[Extracted data entries]

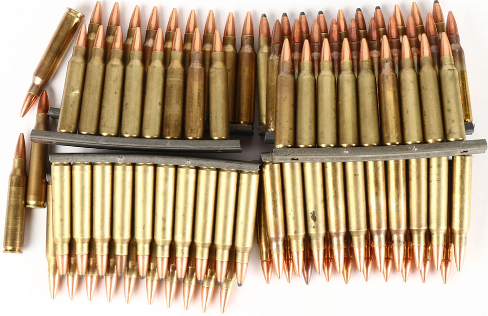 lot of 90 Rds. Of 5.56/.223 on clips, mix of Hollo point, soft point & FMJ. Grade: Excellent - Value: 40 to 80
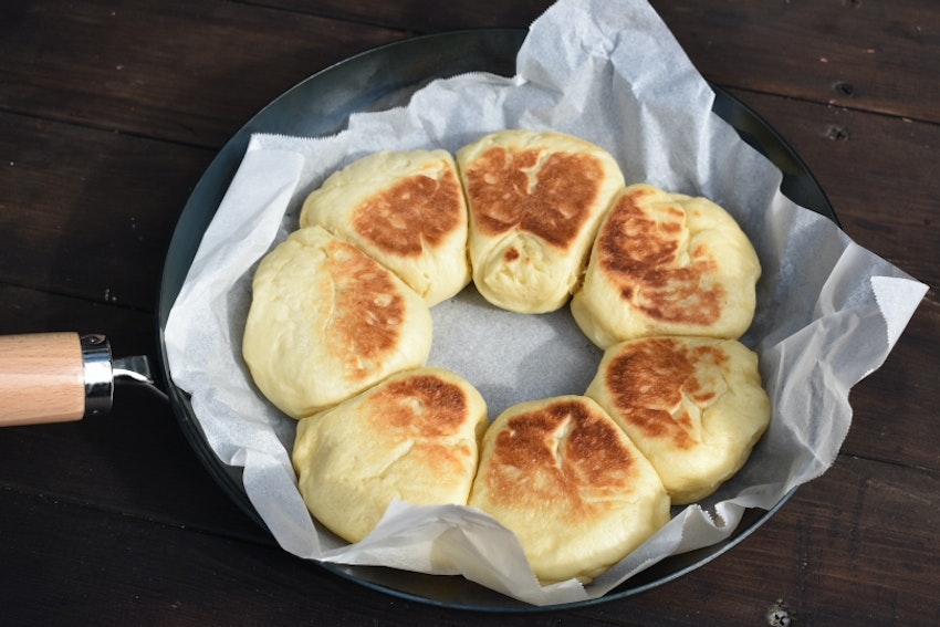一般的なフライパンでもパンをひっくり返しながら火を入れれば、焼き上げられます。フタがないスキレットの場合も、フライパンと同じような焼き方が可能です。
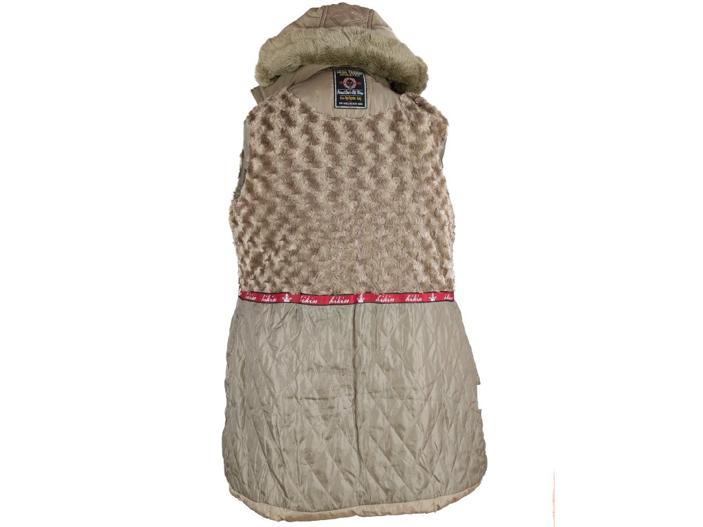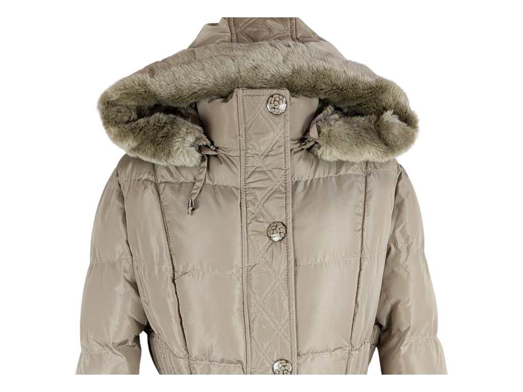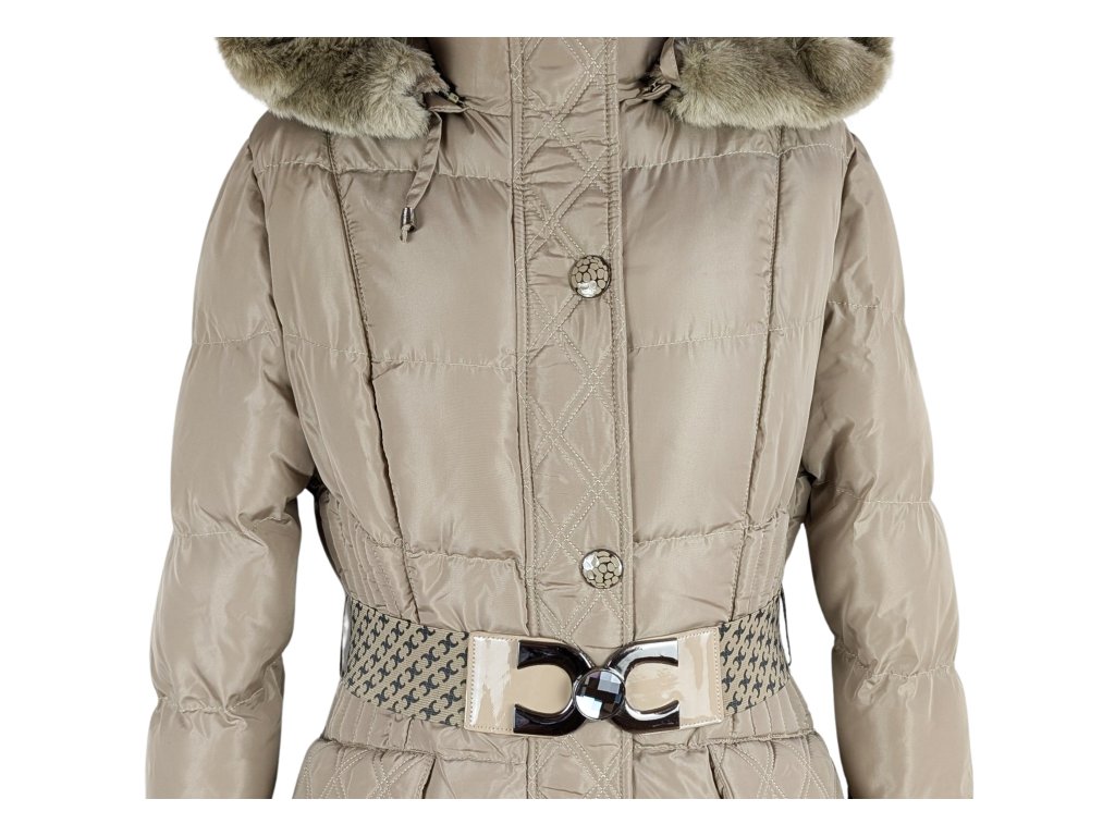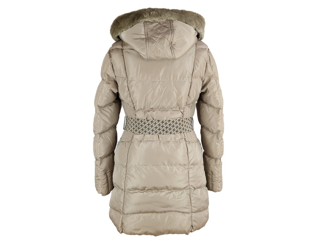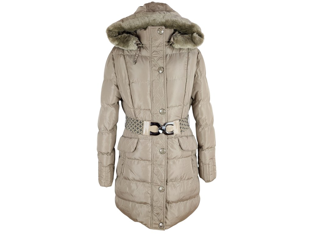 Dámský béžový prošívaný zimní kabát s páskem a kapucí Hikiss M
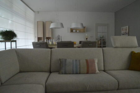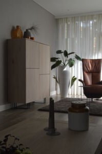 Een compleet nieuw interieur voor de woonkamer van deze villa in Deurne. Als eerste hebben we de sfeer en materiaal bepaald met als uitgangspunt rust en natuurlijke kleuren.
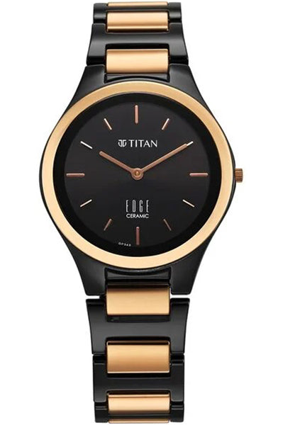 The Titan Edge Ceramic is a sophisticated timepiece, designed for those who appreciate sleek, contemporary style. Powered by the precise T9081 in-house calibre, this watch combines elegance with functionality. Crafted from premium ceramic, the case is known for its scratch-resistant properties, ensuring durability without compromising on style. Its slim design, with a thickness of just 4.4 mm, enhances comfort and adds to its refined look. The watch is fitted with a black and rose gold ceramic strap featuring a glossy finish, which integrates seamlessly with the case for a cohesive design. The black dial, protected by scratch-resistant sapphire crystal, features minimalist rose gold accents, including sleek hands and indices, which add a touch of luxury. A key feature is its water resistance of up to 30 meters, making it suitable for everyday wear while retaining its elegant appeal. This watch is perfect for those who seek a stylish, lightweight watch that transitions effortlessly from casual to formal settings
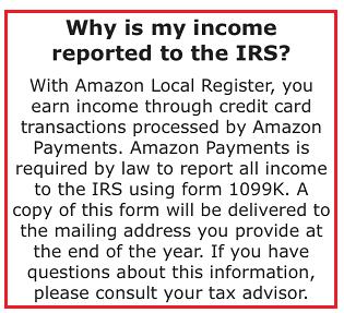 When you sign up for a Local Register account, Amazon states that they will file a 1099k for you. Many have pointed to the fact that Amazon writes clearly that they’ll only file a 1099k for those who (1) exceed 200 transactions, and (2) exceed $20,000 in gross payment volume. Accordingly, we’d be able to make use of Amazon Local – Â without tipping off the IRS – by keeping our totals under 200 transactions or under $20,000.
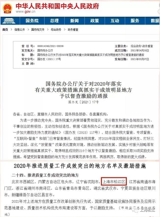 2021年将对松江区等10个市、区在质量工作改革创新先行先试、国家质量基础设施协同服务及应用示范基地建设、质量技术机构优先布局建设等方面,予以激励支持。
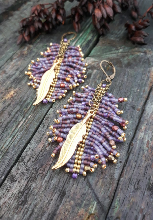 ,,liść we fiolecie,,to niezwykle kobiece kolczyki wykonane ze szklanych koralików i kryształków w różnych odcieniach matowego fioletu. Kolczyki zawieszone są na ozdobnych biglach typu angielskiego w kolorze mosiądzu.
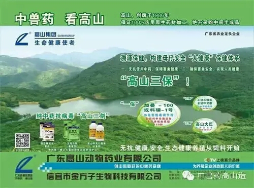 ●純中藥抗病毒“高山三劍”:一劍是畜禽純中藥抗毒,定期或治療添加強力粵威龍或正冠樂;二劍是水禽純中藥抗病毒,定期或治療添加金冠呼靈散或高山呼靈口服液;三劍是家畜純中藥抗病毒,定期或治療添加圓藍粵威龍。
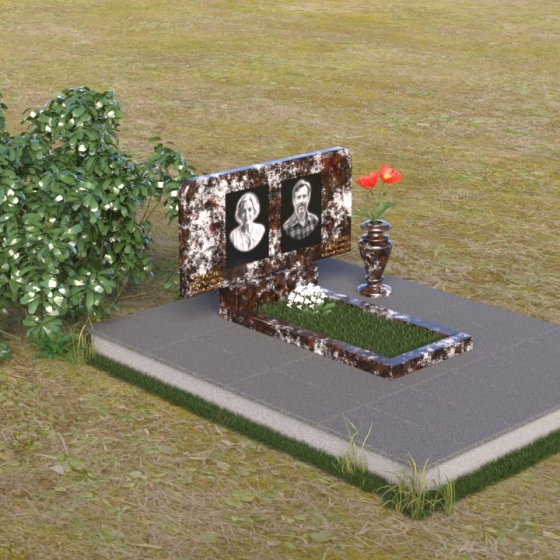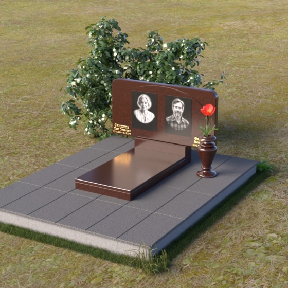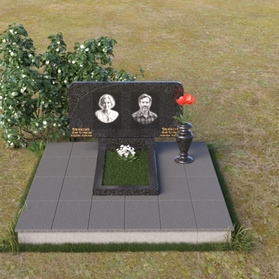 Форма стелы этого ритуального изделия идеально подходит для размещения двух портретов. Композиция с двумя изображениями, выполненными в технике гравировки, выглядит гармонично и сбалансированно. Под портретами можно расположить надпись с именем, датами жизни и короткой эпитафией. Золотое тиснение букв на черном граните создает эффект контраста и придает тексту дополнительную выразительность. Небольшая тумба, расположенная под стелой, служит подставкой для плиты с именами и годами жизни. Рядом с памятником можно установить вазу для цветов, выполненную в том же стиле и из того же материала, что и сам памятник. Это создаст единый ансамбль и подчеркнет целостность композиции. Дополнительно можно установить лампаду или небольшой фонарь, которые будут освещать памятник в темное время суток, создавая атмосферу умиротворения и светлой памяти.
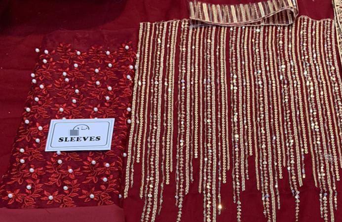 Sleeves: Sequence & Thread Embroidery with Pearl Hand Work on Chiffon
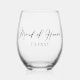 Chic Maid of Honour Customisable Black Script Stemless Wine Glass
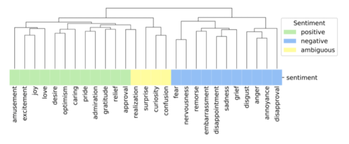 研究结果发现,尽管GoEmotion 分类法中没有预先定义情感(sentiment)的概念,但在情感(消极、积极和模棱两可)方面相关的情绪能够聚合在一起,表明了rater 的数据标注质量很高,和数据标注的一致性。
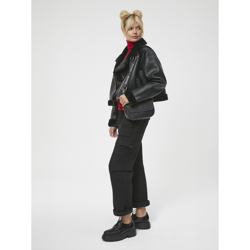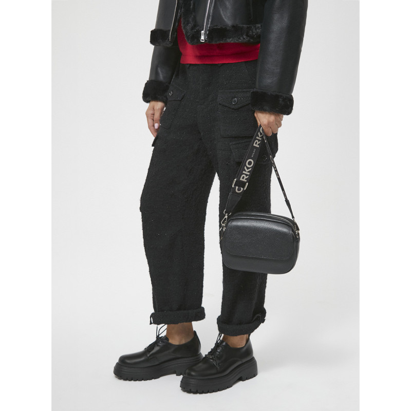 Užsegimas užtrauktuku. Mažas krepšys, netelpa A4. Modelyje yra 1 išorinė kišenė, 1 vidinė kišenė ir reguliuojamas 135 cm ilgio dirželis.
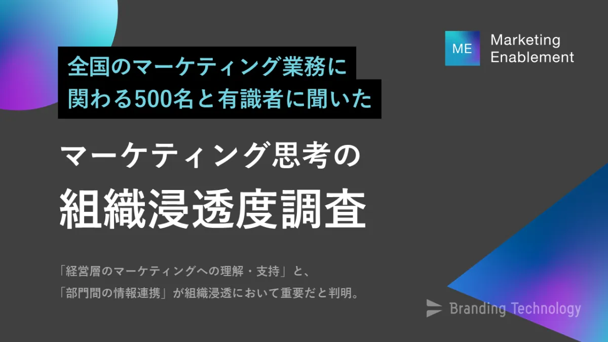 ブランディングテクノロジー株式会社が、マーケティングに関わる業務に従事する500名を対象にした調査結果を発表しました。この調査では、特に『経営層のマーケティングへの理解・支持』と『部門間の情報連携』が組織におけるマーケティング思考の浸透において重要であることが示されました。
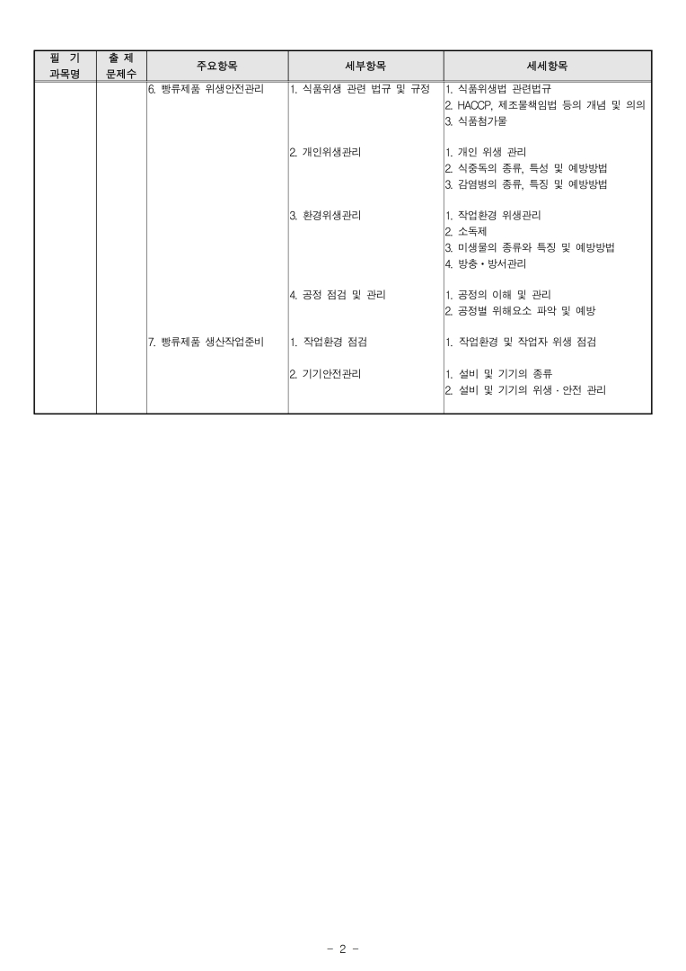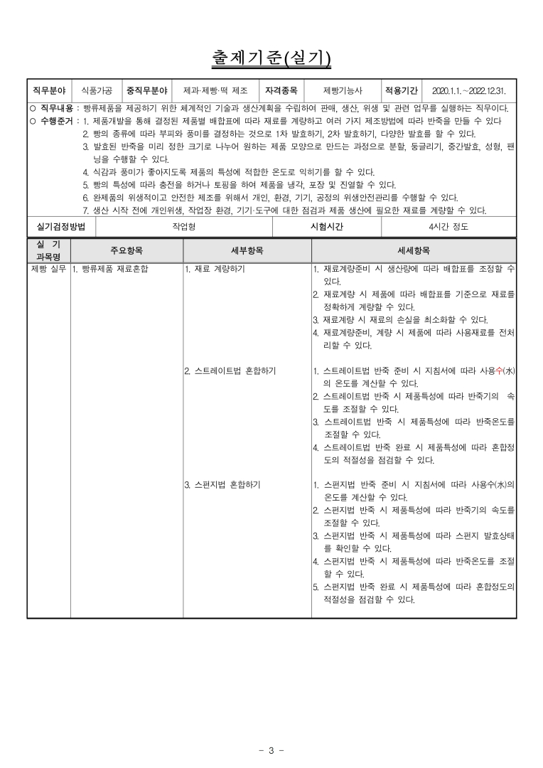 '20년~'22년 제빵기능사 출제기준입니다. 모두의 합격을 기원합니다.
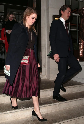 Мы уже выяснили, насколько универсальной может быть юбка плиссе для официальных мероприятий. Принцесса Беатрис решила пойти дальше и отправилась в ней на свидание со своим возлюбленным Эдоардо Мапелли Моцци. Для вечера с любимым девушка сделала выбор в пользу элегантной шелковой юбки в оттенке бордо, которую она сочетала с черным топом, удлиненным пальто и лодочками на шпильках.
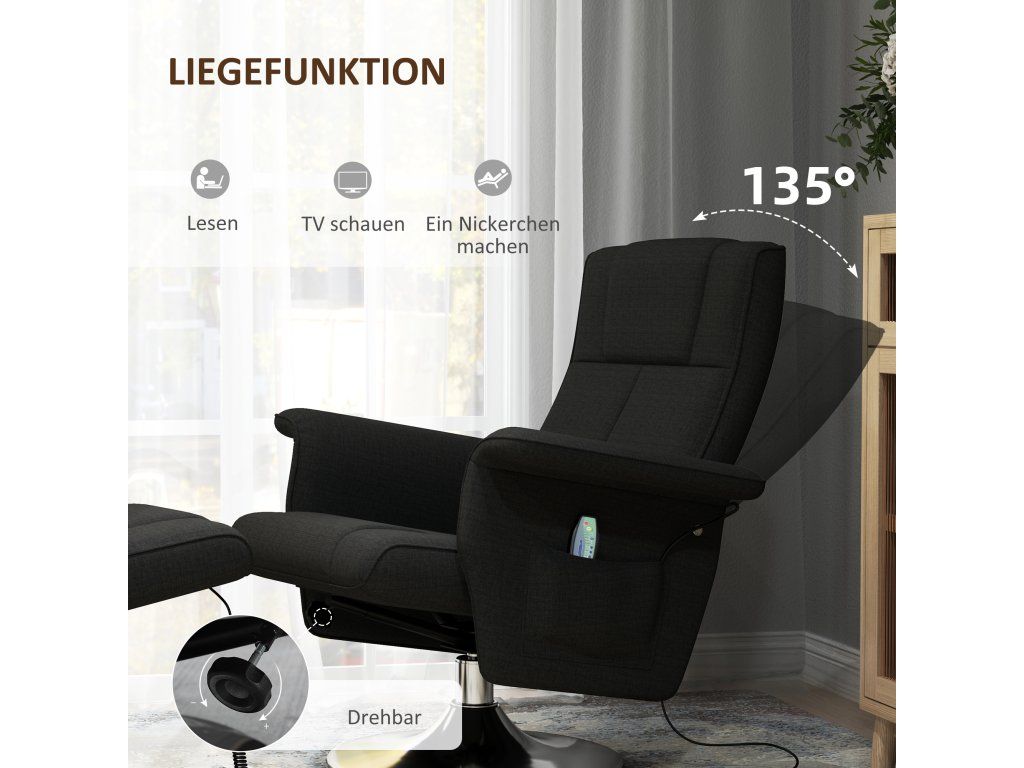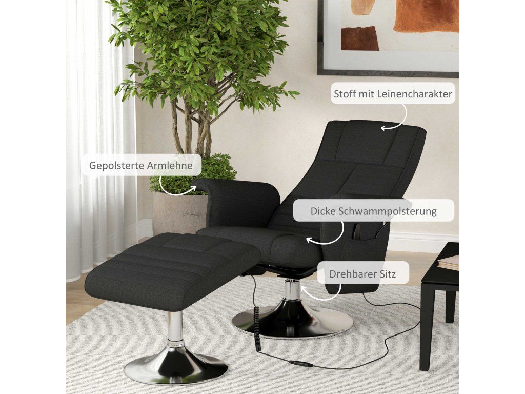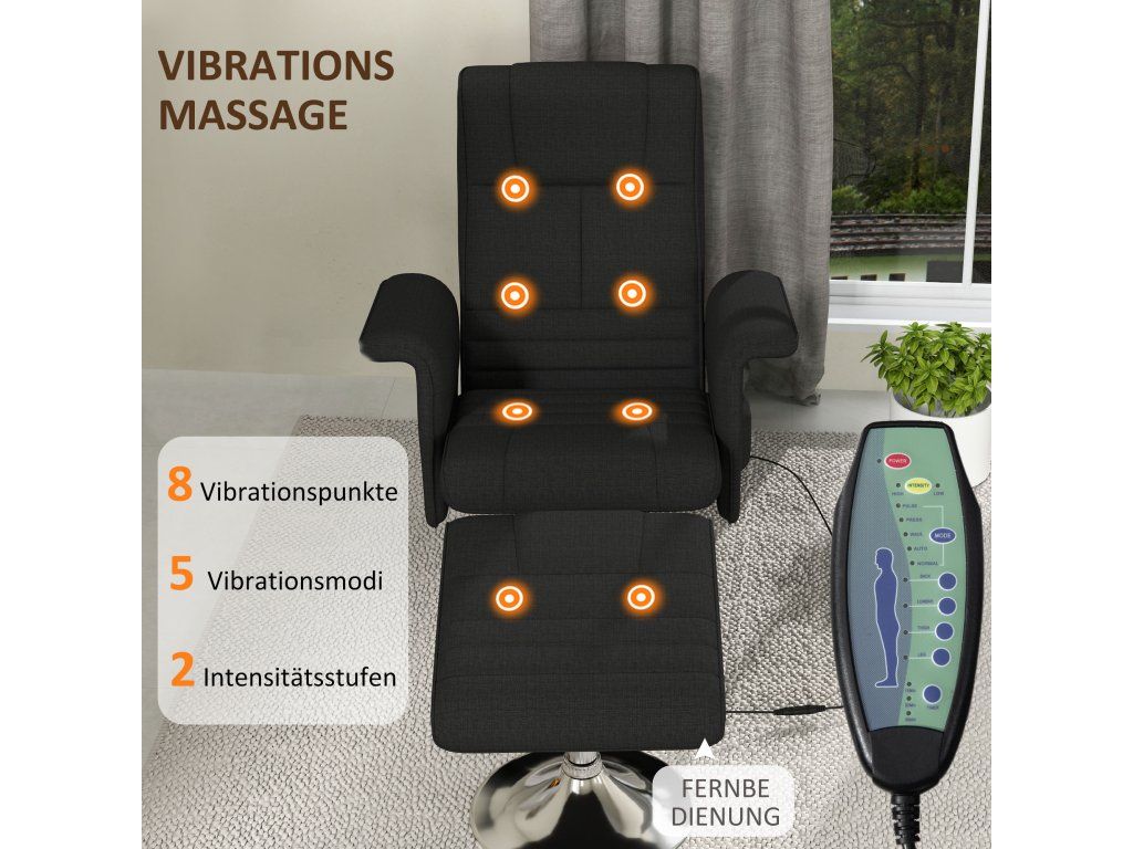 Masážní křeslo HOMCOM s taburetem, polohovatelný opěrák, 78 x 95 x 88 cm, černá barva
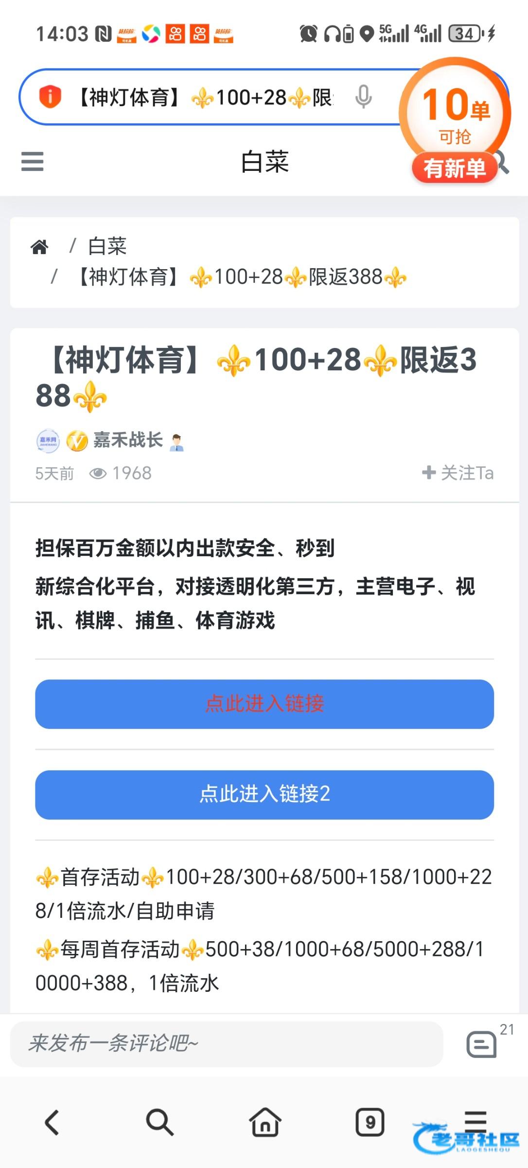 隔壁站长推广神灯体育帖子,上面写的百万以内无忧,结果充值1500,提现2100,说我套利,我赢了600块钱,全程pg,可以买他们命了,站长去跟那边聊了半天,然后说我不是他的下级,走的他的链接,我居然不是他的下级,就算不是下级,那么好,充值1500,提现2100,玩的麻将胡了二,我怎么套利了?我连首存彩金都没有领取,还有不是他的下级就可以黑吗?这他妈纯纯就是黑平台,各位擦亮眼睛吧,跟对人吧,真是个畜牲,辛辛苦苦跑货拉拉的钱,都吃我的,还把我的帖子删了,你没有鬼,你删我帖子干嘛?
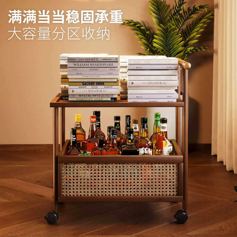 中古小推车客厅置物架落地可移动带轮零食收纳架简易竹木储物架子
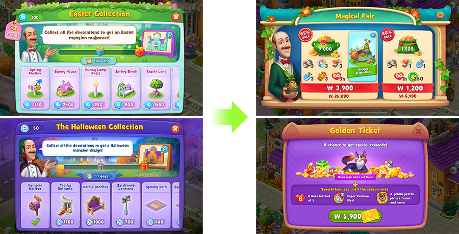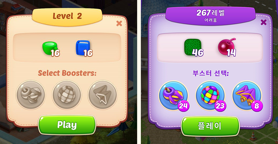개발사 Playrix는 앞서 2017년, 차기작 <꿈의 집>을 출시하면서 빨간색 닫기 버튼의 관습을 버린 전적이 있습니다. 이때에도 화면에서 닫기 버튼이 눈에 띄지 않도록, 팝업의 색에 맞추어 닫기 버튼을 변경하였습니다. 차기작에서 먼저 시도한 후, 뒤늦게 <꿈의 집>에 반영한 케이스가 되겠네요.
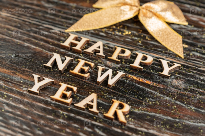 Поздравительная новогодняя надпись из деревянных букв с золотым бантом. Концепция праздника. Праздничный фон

● **Activity**: In the data above, start at the line holding "When you sign" and stop after the line holding "2021年将对松江区等10个"; write out those lines exactly, without pictures.

● **Answer for this exercise**:
 When you sign up for a Local Register account, Amazon states that they will file a 1099k for you. Many have pointed to the fact that Amazon writes clearly that they’ll only file a 1099k for those who (1) exceed 200 transactions, and (2) exceed $20,000 in gross payment volume. Accordingly, we’d be able to make use of Amazon Local – Â without tipping off the IRS – by keeping our totals under 200 transactions or under $20,000.
 2021年将对松江区等10个市、区在质量工作改革创新先行先试、国家质量基础设施协同服务及应用示范基地建设、质量技术机构优先布局建设等方面,予以激励支持。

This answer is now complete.